La signora Hollington annuì ad occhi bassi, sorridendo. «Tutto vero, tesoro».
«Possibile che non ve lo ricordiate neppure? Mi sembra impossibile» Emily cercava di spingersi oltre l'immaginaria vallata delle domande scomode.
«No, non ricordiamo nulla» il tono di suo padre si fece più intenso.
Emily capì che le domande erano indesiderate e dovette trattenersi per proseguire nel suo interrogatorio.
Quel giorno di scuola non aveva per niente scalfito la sua voglia di passare una bella serata da solo. Aveva fisicamente bisogno di restare appartato, da solo, nella sua stanza, la tv accesa sulla sua serie tv preferita, in sottofondo un disco di Bob Dylan, con I shot the sheriff a risuonargli leggermente nelle orecchie. Jim non si era mai sentito così in pace con il mondo, anche se la sua settimana era stata pesante, così come il suo mese. Dall'incidente occorso a Leon non avevano avuto più pace, né a casa, né tantomeno a scuola, che in quel momento, in lontananza, gli appariva come una prigione da cui fuggire il più presto possibile. Non lo spaventavano più le interrogazioni o i giudizi dei prof, né i commenti di alcuni studenti di quinta sul suo peso. Jim aveva il terrore che qualcuno gli avesse riportato alla mente la sera del ballo, quando lui e Ydes avevano spostato di peso Leon mentre cercava di difendersi dal pestaggio di Rick. In un capitolo dedicato al diritto, nel corso della lezione di studi sociali, in alto a destra di pagina dieci, la ricordava bene perché ne era rimasto particolarmente colpito, affianco alla foto di alcuni pentiti della mafia, c'era il significato del termine omertà.

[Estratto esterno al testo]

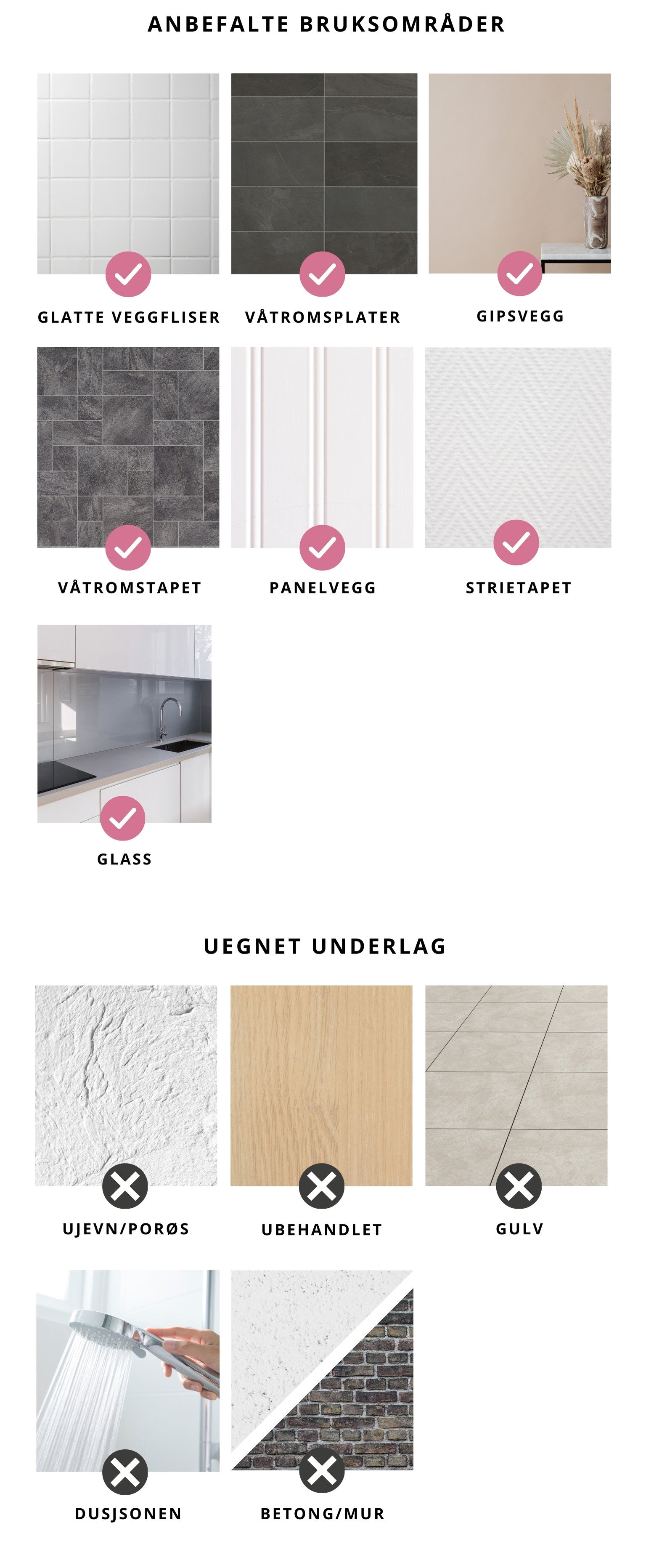 - Underlag: Glatte og rene flater
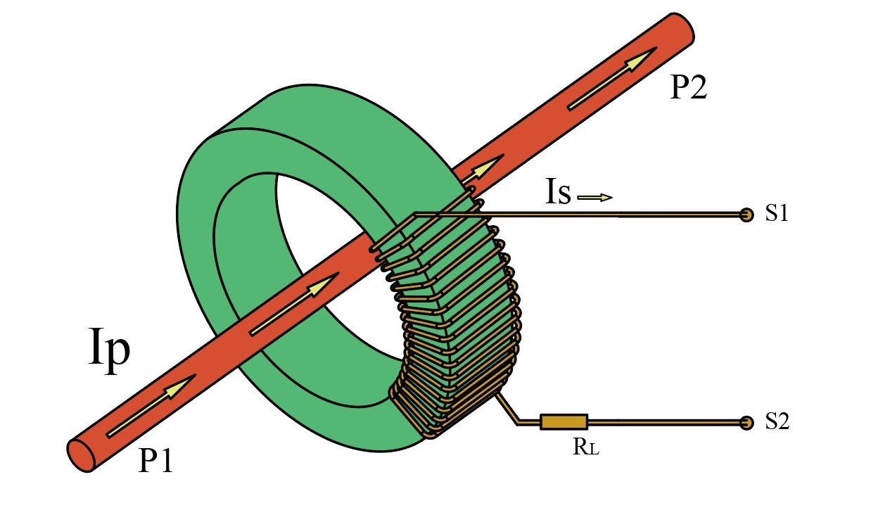 The primary current IP flows in from the P1 terminal and out from the P2 terminal; the secondary current flows out from the S1 terminal and flows in from the S2 terminal.
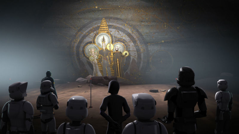 The sledgehammering of the Star Wars universe took place in the Jedi Temple that had an entrance picturing the "Mortis gods" from an episode in The Clone Wars. This was a very interesting (old) episode, for the father (pictured in the middle) had two children: one represented the Dark Side of the Force and the other represented the Light Side of the Force. The father was essentially the balance between the Light Side and the Dark Side. The three of them were very powerful.Anyway, once inside the temple, Ezra used the power in the temple and his own abilities through the Force to save Ahsoka Tano from Darth Vader (who I had presumed was dead two seasons ago in a spectacular battle on Malachor, where a Sith holocron was located). So he used time travel to actually save a major character who is now alive in the universe because Ezra chose to save her. Just think about that a moment. Time travel has now been introduced into the canon of Star Wars, and it is not just an observation kind of time travel. It is a kind of time travel that can undo literally anything.
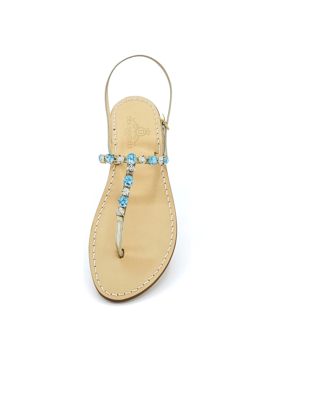 Born and made entirely in Italy, Dea Sandals offers Capri and Jeweled Sandals adorned with custom Swarovski Crystals and semi-precious stones including coral, turquoise, pearls, and more. Considered small masterpieces by the contemporary label, the gleaming and stunning jeweled sandals are created entirely by hand.
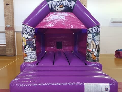 A pink and purple bouncy castle with Halloween theme Velcro stick on artwork for the front entrance. This bouncy castle would be a fantastic addition to any Halloween party or event. Complete with Disco lights and a built in Bluetooth speaker. Children will love jumping, singing and dancing in this beautiful bouncing castle. Not what you are looking for? why not check out our Full hire catalogue

Quella parola lo aveva talmente spaventato che aveva smesso di prestare attenzione alla lezione del signor Pulling e aveva preso a fissargli quello strano brufolo che gli era cresciuto sul naso. Poi, Jim, si era accorto di essere come tutti gli altri essere umani che hanno effettivamente fatto qualcosa di brutto. Il senso di colpa, sia esso defilato o centralizzato, è una delle cose più invasive e appiccicose nella storia dell'umanità. Si impossessa delle viscere, le sballotta come fosse un drink da shakerare e serve al tuo palato un bell'assaggio di disgusto misto a vomito. Per un mese intero era stato così, poi le cose si erano affievolite. I suoi genitori avevano smesso di fare domande, la polizia – e sapeva che era merito dei genitori di Rick e Joy – aveva archiviato il caso giudicandolo come un pestaggio da parte di un vagabondo drogato o alcolizzato e lui era tornato a respirare, a guardare il rugby come gli piaceva da una vita, a ingozzarsi di schifezze e a bere litri di Coca Cola nei suoi sabato sera la cui emozione più grande coincideva con la visione di un film d'azione. Jim Calowin era il capoclasse e uno degli studenti più temuti e rispettati dell'intera scuola per via delle sue amicizie con ragazzi "importanti" di Ubis, ma dentro di se stava capendo giorno dopo giorno che ad ogni azione corrisponde una reazione, uguale o contraria; una regola non scritta che puoi apprendere solo se vivi la tua vita in indipendenza, rispondendo delle tue colpe singolarmente e non come collettivo. E quando, la prima volta, la polizia lo aveva interrogato come testimone chiave del caso chiudendolo nell'angusta stanzetta della sala interrogatori del piccolo dipartimento della città, tutte le sue certezze e la sua arroganza non avevano trovato appoggio, crollando al suolo come tessere del domino in balìa dei sibili del vento.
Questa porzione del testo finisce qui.